For this post I referred to Gearing up for the Stevenson Trail in France, from May 27, 2023, and The Stevenson Trail – from Le Puy to La Bastide-Puylaurent, from September 3, 2023, a week before I flew out, September 10. (Arriving in Paris on the 11th.” Also, Dreams, maps and reality – hiking in France, 2023, from October 28, 2023, after we all got back from the trip.

The French ruisseau translates to brook or small stream. I couldn’t find a translation for Masméjean.

The full “Mercoire” link is FORET DE MERCOIRE – CHEYLARD-L’EVEQUE | Lozère Tourism.

“Paying for the same real estate.” See Not me. I don’t like to pay for the same real estate twice, on General Patton’s not wanting to “to fall back and regroup” during the Battle of the Bulge.

Re: Distance from Luc to Bastide. The straight-south route- along the highway – is a bit over four and a half miles. The official GR-70 route turns southeast at Laveyrune, then east to Notre-Dame des Neiges, then back west to Bastide, for a total of 9.8 miles. (Which figures into the next post.)

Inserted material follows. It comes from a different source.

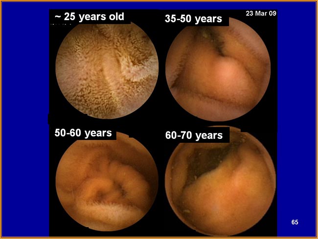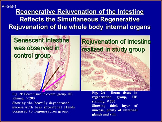 下面再來(lái)介紹我們的實(shí)驗(yàn)結(jié)果,中年大白鼠喂養(yǎng)試驗(yàn),這個(gè)實(shí)驗(yàn)大家都可以重復(fù)做。我們用再生的方法,給大白鼠喂養(yǎng)再生物質(zhì),喂養(yǎng)到兩倍的年齡時(shí),沒(méi)有喂養(yǎng)再生物質(zhì)的大白鼠都死了,而喂養(yǎng)再生物質(zhì)的大白鼠不但沒(méi)有死,而且還活得更年輕,這些大白鼠所有的器官都是再生更新過(guò)的,有一些老的器官經(jīng)過(guò)再生更新后,通過(guò)新的染色的方法都可以明顯表現(xiàn)出來(lái)。這個(gè)試驗(yàn)結(jié)果是向人們昭示,再生營(yíng)養(yǎng)物質(zhì)除了能夠使細(xì)胞再生更新,還滿足了人類追求“長(zhǎng)生不老”的向往,人可以活到200歲到300歲。但這需要很多的技術(shù)配合才能實(shí)現(xiàn)。接下來(lái)我再介紹人體內(nèi)部器官的再生復(fù)原和完成,我們可以看到衰老的胃腸組織、腸壁、腸腺、腸絨毛,但這些都是年輕的腸絨毛。在另外一副圖中可以看到每個(gè)年齡段胃腸道的變化情況。從20歲到70歲胃腸道的變化。20歲之前是這樣,50歲之前是這樣,60歲以前是這個(gè)狀態(tài),70歲以前的是這個(gè)狀態(tài)。(圖3)我們是要把70歲胃腸道狀態(tài)變成20歲胃腸道的樣子,衰老變成年輕的,這些我們都已經(jīng)成功做到了。這就是科學(xué)運(yùn)用的結(jié)果。美國(guó)的再生科學(xué)領(lǐng)袖講道:“我們?cè)隗w外建立一個(gè)模型都很難,而你們還能讓器官原位長(zhǎng)出來(lái)。”下一步我們會(huì)在國(guó)際上找300個(gè)病例來(lái)進(jìn)行公開(kāi)再生還童,一年之內(nèi)讓衰老的胃腸變年輕。我想,當(dāng)我們完成這項(xiàng)工作后,世界人民會(huì)歡呼,人類可以享受這一全新的科學(xué)啦。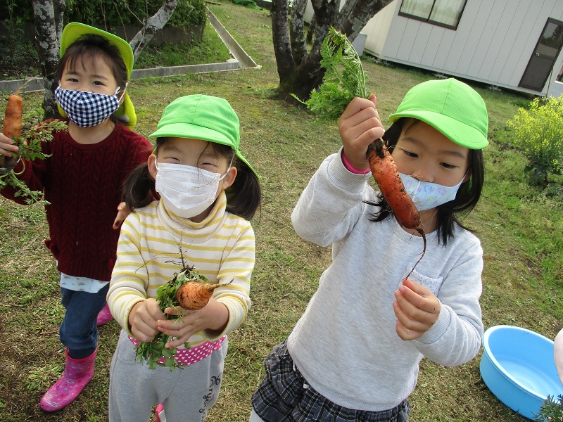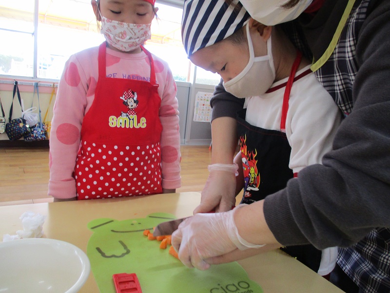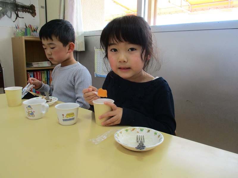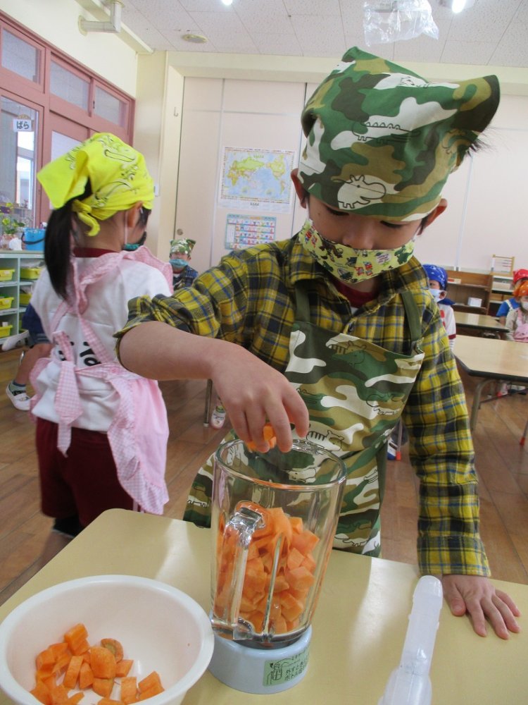 エントリー 人参ゼリーを作ったよ!(きりん組) 2021/03/25 10:18 畑で取れた人参を使って人参ゼリーを作りました。 人参を切ったり、材料を入れたり混ぜたりと調理の工程を楽しみました。 好き嫌いがあっておいしかったり、おいしくなかったりしたけど、 ゼリーは大成功でした。 この記事のURL ページ移動 記事一覧 粘土遊び くま(年少)竹の子見たよ!(うさぎ組)

The lower image is courtesy of Camping | Camping Au-Delà des Nuages | Rauret, a place I earlier identified as “Arquejols.” (I covered our stay there in From Monistair to “East of Langogne.) That is, we stayed there the third night out, the night before we got to “east of Langogne” and our first day of from hiking, after four days. But I just found this link while writing up my book on the 2023 journey. The website leads with this: “Living in Harmony with Nature. Lovers of Mother Nature, we offer a service aligned with our values: All our infrastructures are made from local wood.” (They also offered a nice seven Euro bottle of Tarnac IGP Cevennes Blanc 2021 Wine.